There are two fruit trees located at (3,0) and (–3, 0) in the backyard plan. Maurice wants to use these two fruit trees as the focal points for an elliptical flowerbed. Johanna wants to use these two fruit trees as the focal points for some hyperbolic flowerbeds. Create the location of two vertices on the y-axis. Show your work creating the equations for both the horizontal ellipse and the horizontal hyperbola.
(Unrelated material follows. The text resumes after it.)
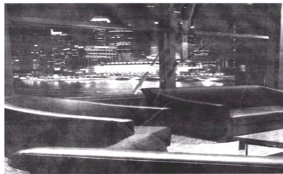
Reading Lounge – looking out to the seafront

Include the graph of both equations and the focal points on the same coordinate plane.

Answer 1

medal and fan!!!

Answer 2

@IMStuck hey can you help

Answer 3

@zepdrix hi can you help

Answer 4

\((3,0)\) and \((–3, 0)\) are to be the focal points of the ellipse right?

Answer 5

for this you want
\[\frac{x^2}{a^2}+\frac{y^2}{b^2}=1\] and you want
\[a^2-b^2=3^2\] the easiest way to do that is to use the famous \(3-4-5\) right triangle and make \[a=5,b=4\] so \(c=3\) and use
\[\frac{x^2}{5^2}+\frac{y^2}{4^2}=1\] that will make your foci \((-3,0)\) and \((3,0)\)

Answer 6

check the nice picture here to see that it works
http://www.wolframalpha.com/input/?i=ellipse+x^2%2F25%2By^2%2F16%3D1

Answer 7

for the hyperbola it will look like
\[\frac{x^2}{a^2}-\frac{y^2}{b^2}=1\] and you want \(a^2+b^2=3^3\) simplest way i can think to do it is to make \(a^2=8,b^2=1\) and use
\[\frac{x^2}{8}-y^2=1\] but you have other choices

Answer 8

Perfect!! thank you @satellite73

Answer 9

here is a nice graph with both together if you need one
http://www.wolframalpha.com/input/?i=+x^2%2F8-y^2%3D1%2Cx^2%2F25%2By^2%2F16%3D1

Answer 10

yw

Answer 11

why is the formula a^2+b^2=3^3 ? @satellite73

Answer 12

why is a very good question
it will take a lot of explaining however
a better explanation is here
http://www.purplemath.com/modules/hyperbola2.htm

Answer 13

well not why... how

Answer 14

can you please explain the hyperbola part

Answer 15

@hero can you explain the hyperbola part please